Given:
When calling the pod from within the cluster we get a 200 response code
When calling the service from within the cluster we get a 200 response code
The ingress shows as annotation:
ingress.kubernetes.io/backends: '{"k8s-be-30606--559b9972f521fd4f":"UNHEALTHY"}'
To top things of, we have a different kubernetes cluster with the exact same configuration (apart from the namespace dev vs qa & timestamps & assigned ips & ports) where everything is working properly.
We've already tried removing the ingress, deleting pods, upscaling pods, explicitly defining the readiness probe, all without any change in the result.
Judging from the above it's the health check on the pod that's failing for some reason (even though if we do it manually (curl to a node internal ip + the node port from the service from within the cluster), it returns 200 & in qa it's working fine with the same container image).
Is there any log available in Stackdriver Logging (or elsewhere) where we can see what exact request is being done by that health check and what the exact response code is? (or if it timed out for some reason?)
Is there any way to get more view on what's happening in the google processes?
We use the default gke ingress controller.
Some additional info: When comparing with an entirely different application, I see tons of requests like these:
10.129.128.10 - - [31/May/2018:11:06:51 +0000] "GET / HTTP/1.1" 200 1049 "-" "GoogleHC/1.0"
10.129.128.8 - - [31/May/2018:11:06:51 +0000] "GET / HTTP/1.1" 200 1049 "-" "GoogleHC/1.0"
10.129.128.12 - - [31/May/2018:11:06:51 +0000] "GET / HTTP/1.1" 200 1049 "-" "GoogleHC/1.0"
10.129.128.10 - - [31/May/2018:11:06:51 +0000] "GET / HTTP/1.1" 200 1049 "-" "GoogleHC/1.0"
Which I assume are the health checks. I don't see any similar logs for the failing application nor for the working version in qa. So I imagine the health checks are ending up somewhere entirely different & by chance in qa it's something that also returns 200. So question remains: where can I see the actual requests performed by a health check?
Also for this particular application I see about 8 health checks per second for that single pod which seems to be a bit much to me (the configured interval is 60 seconds). Is it possible health checks for other applications are ending up in this one?

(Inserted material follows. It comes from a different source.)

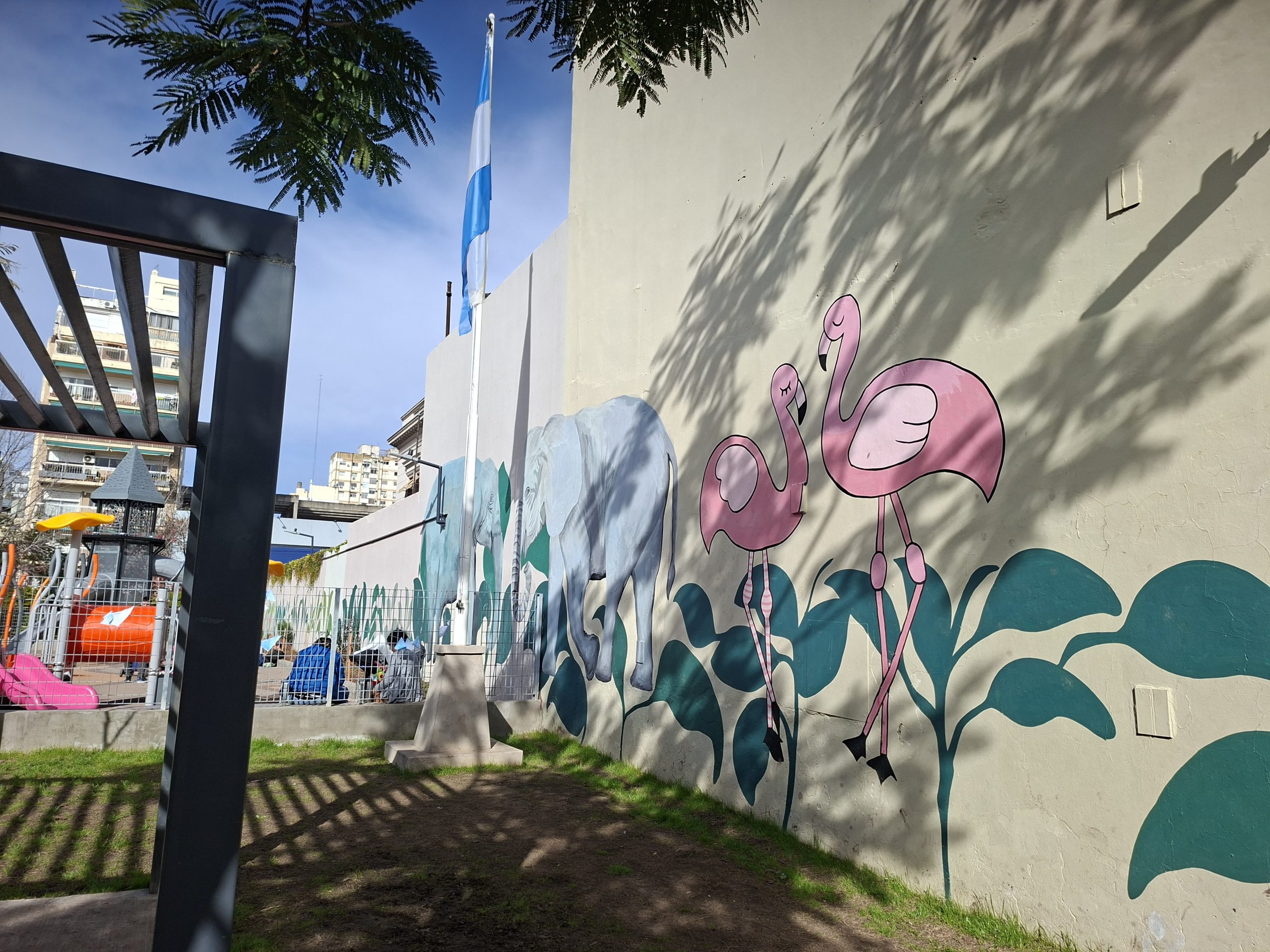 Una pareja de elefantes y otra de flamencos en un muro del Patio John Malcolm.

Unfortunately there are no user facing logs to show the status of health check requests (likely because of the volume of logs this would create)

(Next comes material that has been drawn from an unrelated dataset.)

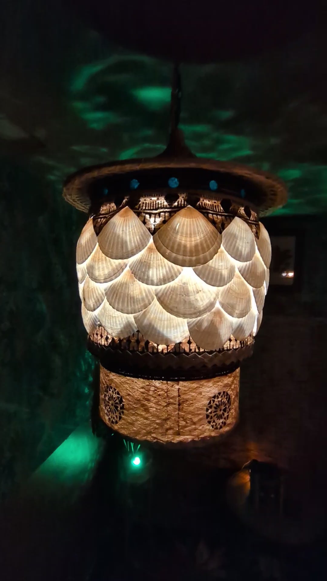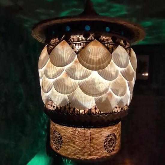 If you are looking for centerpiece to your tiki bar, look no further. This stunning shell lamp features vintage tapa, maplewood inlays, peep-through resin windows, and a vibrant turquoise cowrie shell bottom lens.

As to the first question, the GKE SHOULD be handling all the firewall rules automatically, if it is not in your case it is either because of an issue with the node version or a specific user issue (in which case I suggest filing a bug with Google on the issue tracker)

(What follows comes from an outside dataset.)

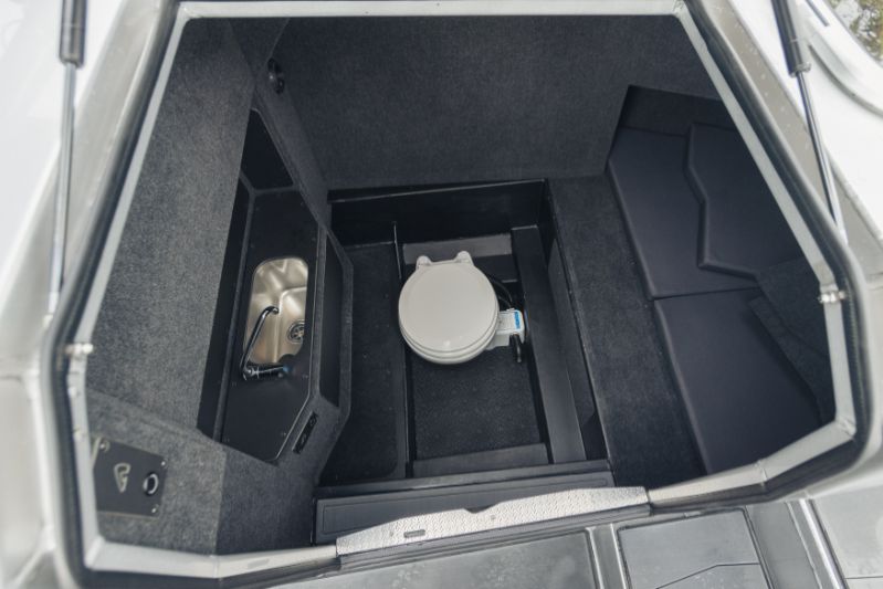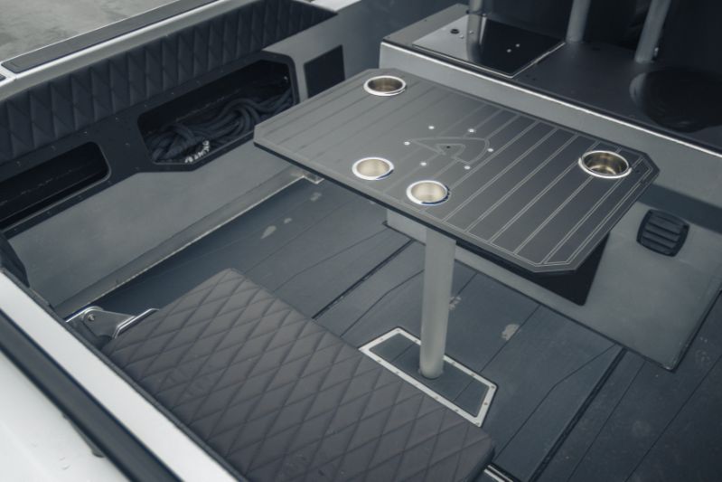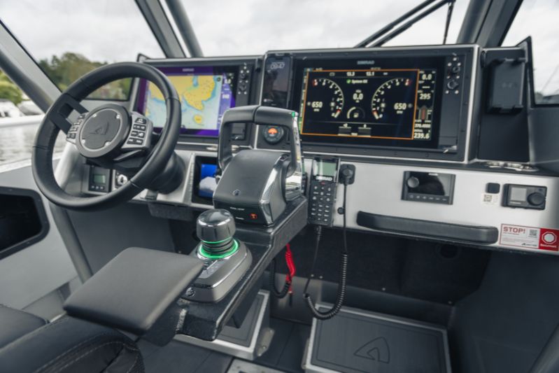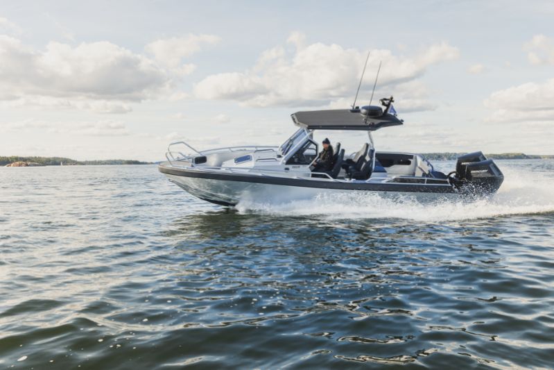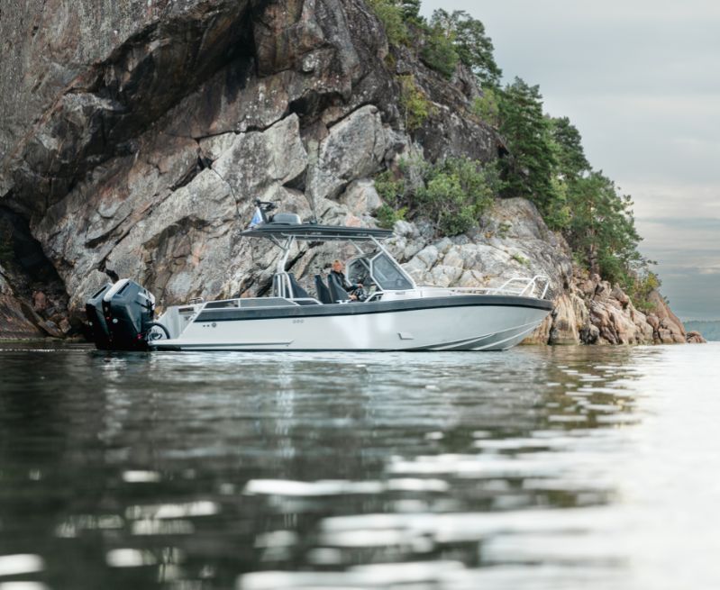 860 T är kanske den tuffaste av trion. Speciellt med sina dubbla Mercury V10-utombordare på 400 hästkrafter och svartmålade T-top-tak utstrålar den en känsla av äventyr och maskulinitet. Och utseendet ljuger inte.

GKE is managing a firewall rule. For some reason new (node) ports used by ingresses aren't added automatically anymore to this rule. After adding the new ports manually to this rule in the console, the backend service became healthy.
Still need to find out:
In any case I hope this can help someone else since we wasted a huge amount of time finding this out.
edit:
The error turned out to be an invalid certificate used by tls termination by an unrelated (except that it's managed by the same controller) ingress. Once that was fixed, the rule was updated automatically again.